= Gordon Collection =

The Gordon Collection (also known as the Douglas H. Gordon Collection) at the University of Virginia's Albert and Shirley Small Special Collections Library comprises some 1200 volumes of French books dating from the sixteenth through the 19th century. Over 600 were printed before 1600, and many retain their original bindings. The collection, which came to the university of Virginia in 1986, was the bequest of the late Douglas Huntly Gordon of Baltimore, a prominent Maryland attorney, former president of St. John's College in Annapolis, and recipient of the French Légion d'Honneur and Palmes Académiques. A Francophile since his undergraduate days at Harvard, Mr. Gordon was a notable American bibliophile.

==Contents==
The approximately 600 Gordon books dating from the 16th century include literary works and titles pertaining to religion, philosophy, medicine, astronomy, travel and architecture. Together, they provide a remarkable window on the French Renaissance. The rarity of so many of the books, combined with the size and range of the collection, make it a treasure for Renaissance scholars from around the world, as well as those studying the early history of printing and the book arts. In fact, many of the volumes are counted among only a few surviving copies, and, in some cases, the Gordon book is the only known copy in the world. Among the rarest sixteenth-century titles in the collection, for example, are an illustrated edition of Marot's Blasons anatomiques du corps feminin …, published by Charles Langelier in Paris in 1543, and a little-known volume of Alciati's emblems, Les emblemes de M. Andre Alciat, traduits en ryme Francoise par Iean le Feure, published in Lyon by Jean de Tournes in 1549, with woodcuts attributed to Bernard Salomon.

Gordon Collection works include a hand-edited volume of Diderot's Encyclopedia, as well as 16th century works by Rabelais, Ronsard, Marguerite de Navarre, Montaigne, Louise Labe, Marot and several Books of Hours.

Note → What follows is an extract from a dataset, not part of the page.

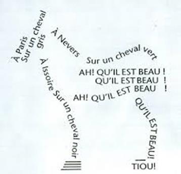 Un calligramme est un poème dont la disposition graphique sur la page forme un dessin, généralement en rapport avec le sujet du texte, mais il arrive que la forme apporte un sens qui s′oppose au texte. Cela permet d′allier l′imagination visuelle à celle portée par les mots | ||

The collection includes one piece of music, a tenor part from Il primo libro de le canzoni franzese, published in Venice by Ottaviano Scotto in 1535, and for a long time thought lost, until rediscovered circa 2014.

==Digitization==
The University of Virginia Library and the University of Virginia French Department established the digital access to the collection via the Renaissance in Print project. The first phase of this project (2003-2005) included digitizing some of the works and was funded by the Florence Gould Foundation . Funding from the National Endowment for the Humanities Preservation and Access Reference Materials Grant helped improve metadata and put in place additional access structures.